INPUT RECORDS:
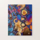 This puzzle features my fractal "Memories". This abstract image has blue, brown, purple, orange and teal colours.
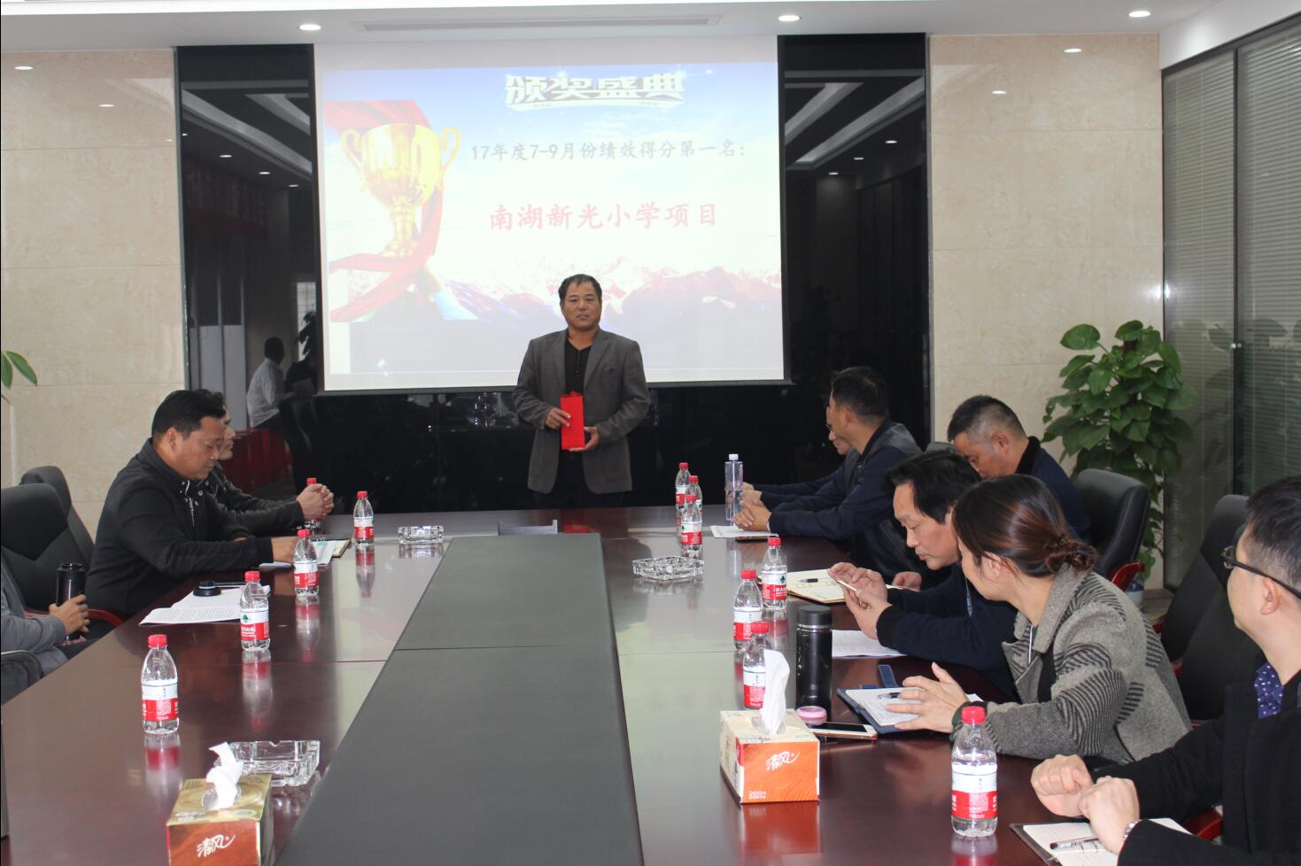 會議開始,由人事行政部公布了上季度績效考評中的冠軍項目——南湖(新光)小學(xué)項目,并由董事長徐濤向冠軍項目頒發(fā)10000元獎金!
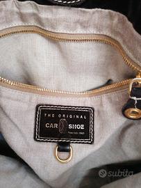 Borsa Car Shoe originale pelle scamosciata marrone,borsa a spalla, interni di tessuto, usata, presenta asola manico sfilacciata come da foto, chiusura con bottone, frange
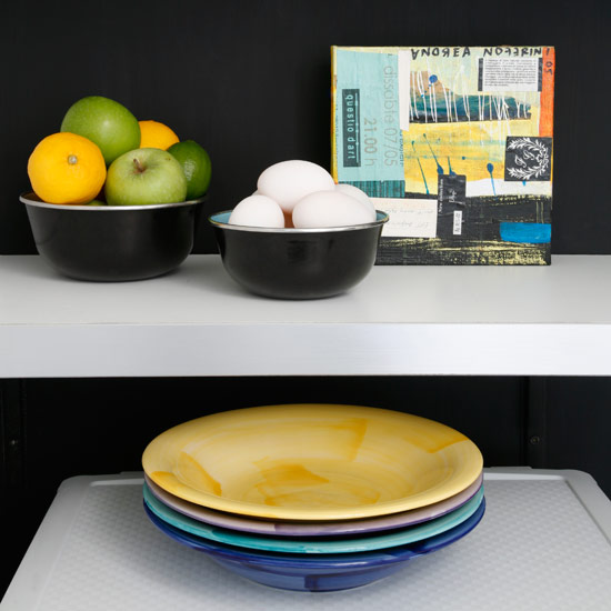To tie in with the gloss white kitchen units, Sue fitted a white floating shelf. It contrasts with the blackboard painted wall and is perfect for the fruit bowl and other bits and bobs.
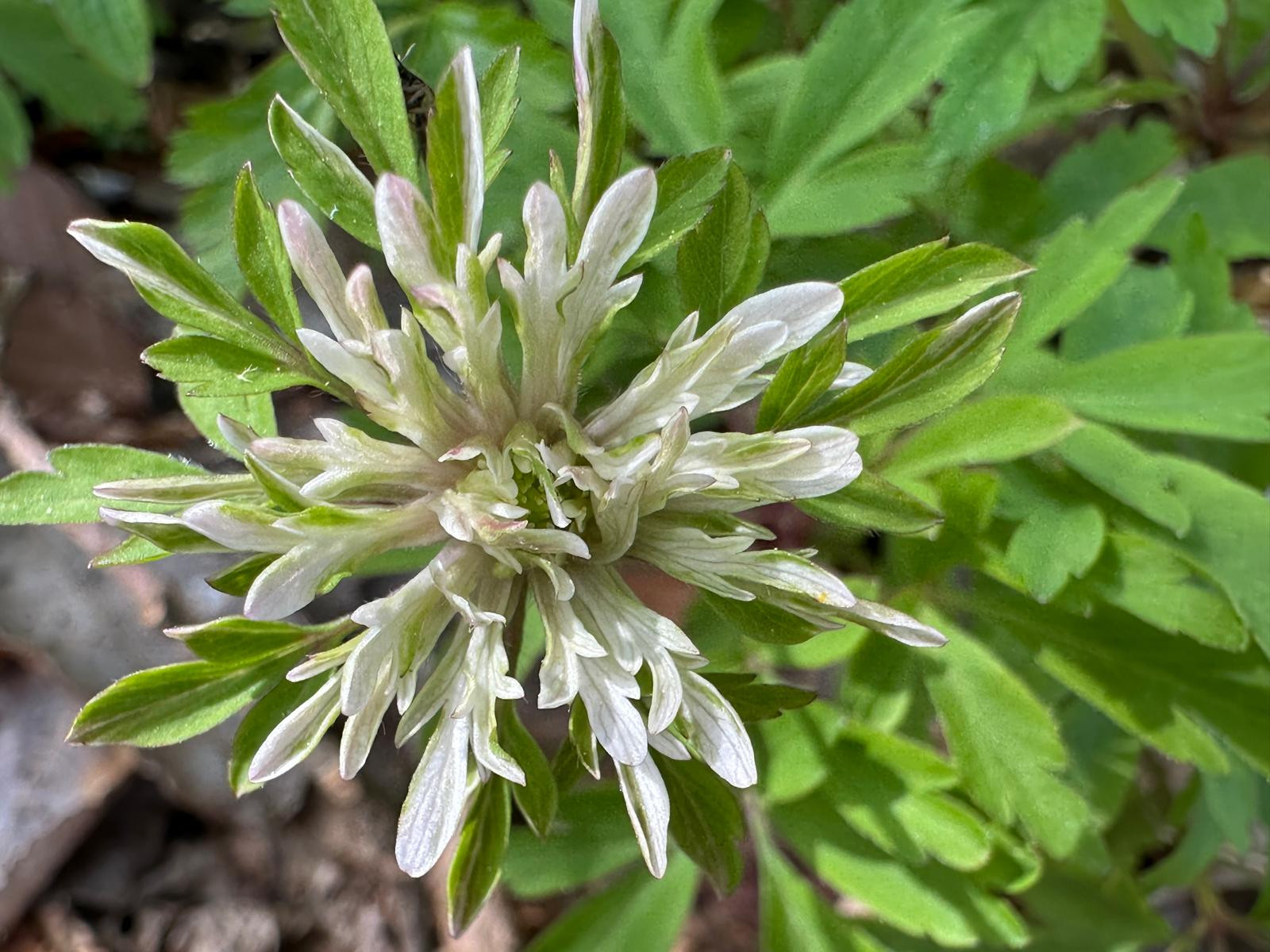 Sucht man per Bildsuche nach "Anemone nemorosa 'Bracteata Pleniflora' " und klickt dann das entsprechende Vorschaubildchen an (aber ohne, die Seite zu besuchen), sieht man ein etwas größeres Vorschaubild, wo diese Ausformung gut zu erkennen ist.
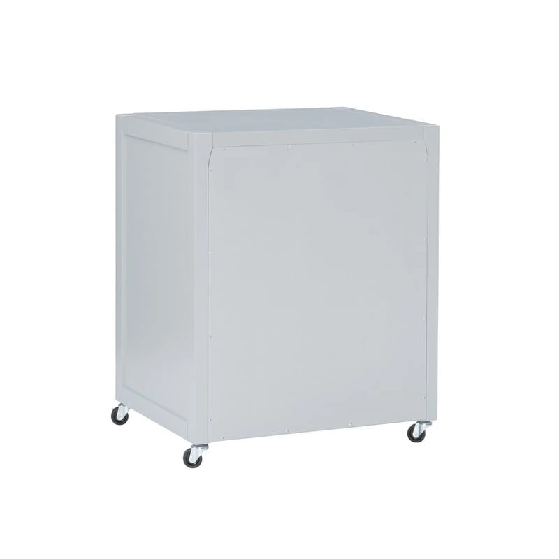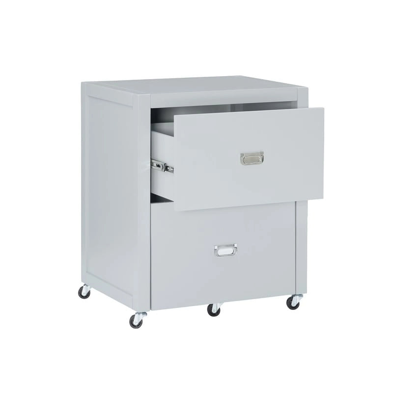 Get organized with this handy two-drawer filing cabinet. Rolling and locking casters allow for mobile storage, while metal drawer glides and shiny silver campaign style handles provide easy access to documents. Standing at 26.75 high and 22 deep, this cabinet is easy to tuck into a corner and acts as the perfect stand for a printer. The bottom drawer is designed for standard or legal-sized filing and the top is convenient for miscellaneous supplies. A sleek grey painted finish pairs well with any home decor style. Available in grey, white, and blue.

--

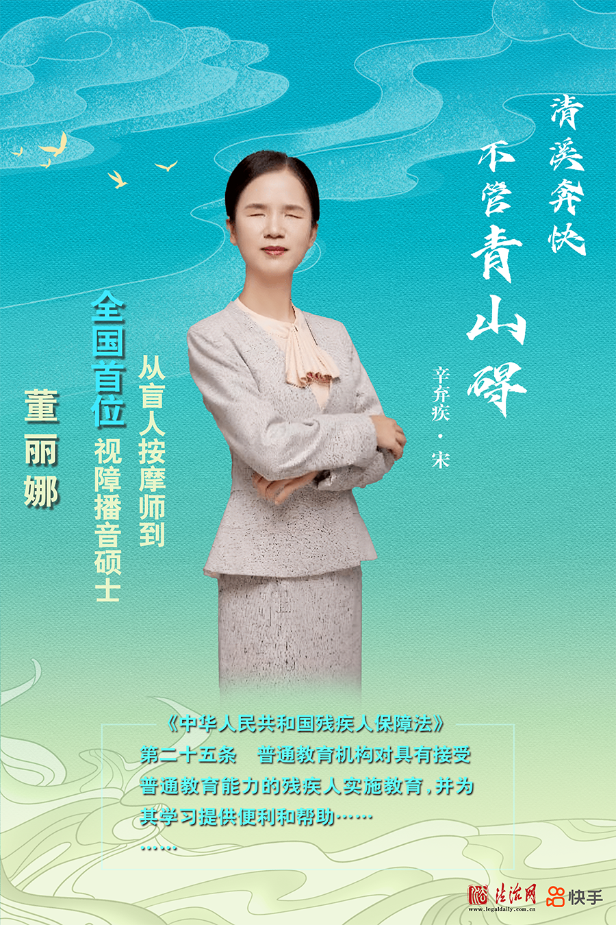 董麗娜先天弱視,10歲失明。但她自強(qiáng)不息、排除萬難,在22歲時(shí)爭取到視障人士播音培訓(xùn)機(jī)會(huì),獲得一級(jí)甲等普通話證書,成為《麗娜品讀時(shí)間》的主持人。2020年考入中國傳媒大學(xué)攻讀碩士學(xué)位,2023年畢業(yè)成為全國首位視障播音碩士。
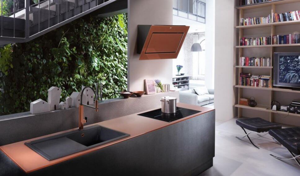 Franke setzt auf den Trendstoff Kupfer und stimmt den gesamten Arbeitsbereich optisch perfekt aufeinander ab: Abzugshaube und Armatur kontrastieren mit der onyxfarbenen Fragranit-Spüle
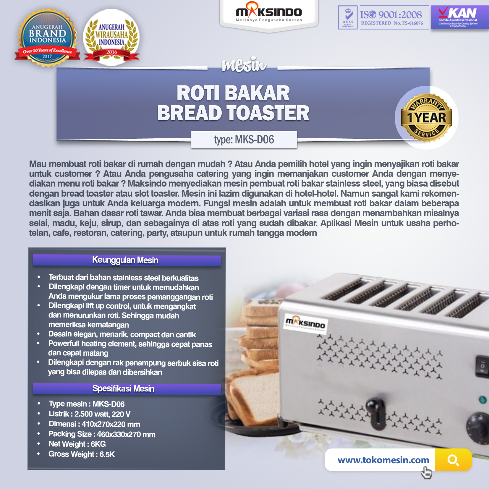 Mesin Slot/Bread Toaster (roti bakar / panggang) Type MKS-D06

* * *

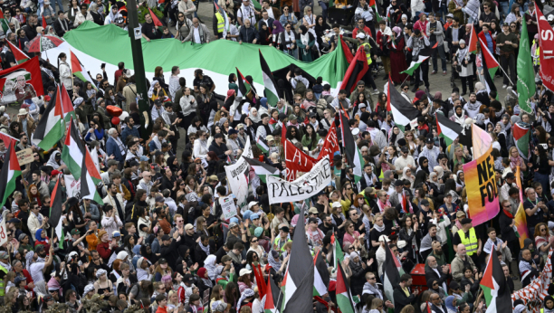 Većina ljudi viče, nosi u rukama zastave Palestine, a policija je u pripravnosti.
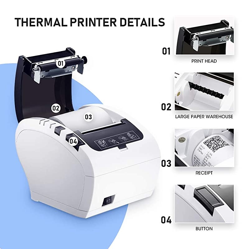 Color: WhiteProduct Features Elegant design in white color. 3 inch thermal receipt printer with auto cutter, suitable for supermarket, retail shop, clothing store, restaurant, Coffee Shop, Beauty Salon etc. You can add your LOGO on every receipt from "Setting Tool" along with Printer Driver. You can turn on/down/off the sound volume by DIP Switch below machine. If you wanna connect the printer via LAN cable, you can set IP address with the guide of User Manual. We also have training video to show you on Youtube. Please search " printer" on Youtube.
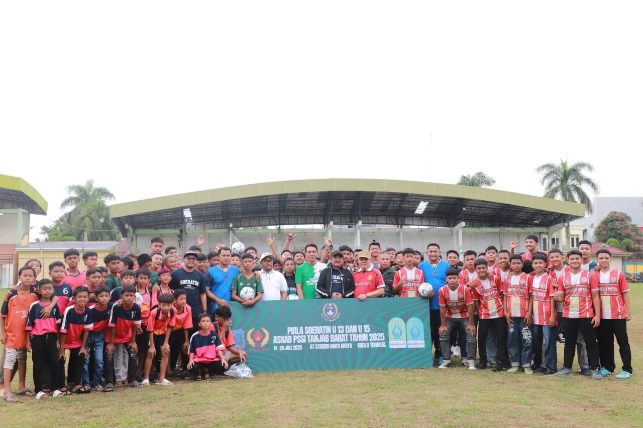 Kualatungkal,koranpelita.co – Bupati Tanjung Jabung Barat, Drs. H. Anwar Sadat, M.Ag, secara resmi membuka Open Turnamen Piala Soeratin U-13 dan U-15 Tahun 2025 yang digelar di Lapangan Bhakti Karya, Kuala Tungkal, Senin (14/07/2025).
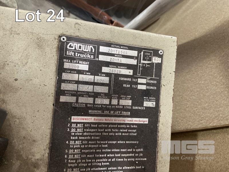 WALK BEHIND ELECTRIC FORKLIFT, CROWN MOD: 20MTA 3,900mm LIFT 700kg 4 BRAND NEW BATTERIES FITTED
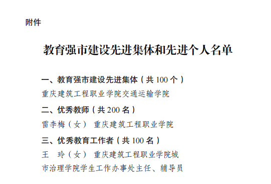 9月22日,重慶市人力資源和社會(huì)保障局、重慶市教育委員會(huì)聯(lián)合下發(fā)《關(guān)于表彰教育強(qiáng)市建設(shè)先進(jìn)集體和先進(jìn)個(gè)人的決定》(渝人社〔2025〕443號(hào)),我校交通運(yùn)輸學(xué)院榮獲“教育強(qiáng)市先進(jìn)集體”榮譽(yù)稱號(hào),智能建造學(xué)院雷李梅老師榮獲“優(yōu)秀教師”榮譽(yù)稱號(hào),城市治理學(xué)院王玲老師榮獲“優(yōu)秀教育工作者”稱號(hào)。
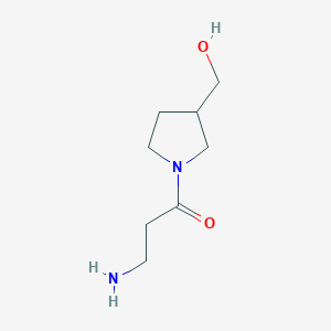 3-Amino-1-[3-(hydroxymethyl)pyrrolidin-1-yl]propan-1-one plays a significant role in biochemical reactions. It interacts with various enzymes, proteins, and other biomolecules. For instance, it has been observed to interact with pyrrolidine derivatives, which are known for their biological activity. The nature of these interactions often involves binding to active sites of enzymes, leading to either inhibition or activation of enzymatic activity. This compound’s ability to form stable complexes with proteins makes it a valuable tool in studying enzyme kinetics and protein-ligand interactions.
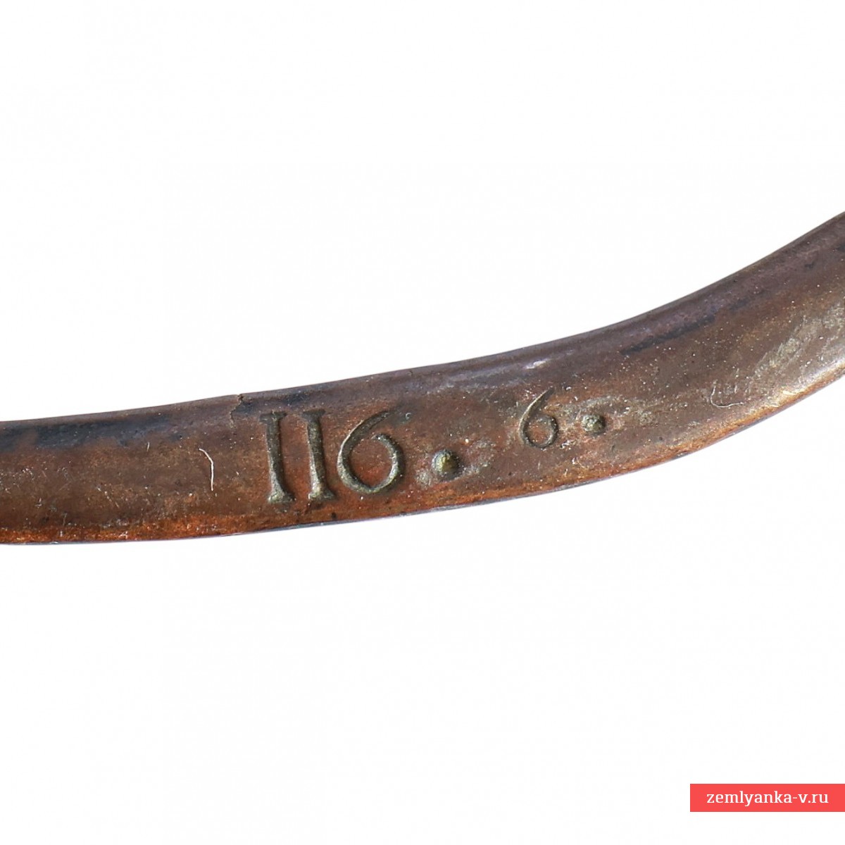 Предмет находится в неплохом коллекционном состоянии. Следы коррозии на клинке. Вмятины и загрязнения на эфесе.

TASK INSTRUCTIONS:
Within these entries, output exactly the lines starting at the one with "Kualatungkal,koranpelita.co – Bupati" and finishing at the one with "WALK BEHIND ELECTRIC". Leave pictures out of the output.

SOLUTION FOR THIS TASK:
 Kualatungkal,koranpelita.co – Bupati Tanjung Jabung Barat, Drs. H. Anwar Sadat, M.Ag, secara resmi membuka Open Turnamen Piala Soeratin U-13 dan U-15 Tahun 2025 yang digelar di Lapangan Bhakti Karya, Kuala Tungkal, Senin (14/07/2025).
 WALK BEHIND ELECTRIC FORKLIFT, CROWN MOD: 20MTA 3,900mm LIFT 700kg 4 BRAND NEW BATTERIES FITTED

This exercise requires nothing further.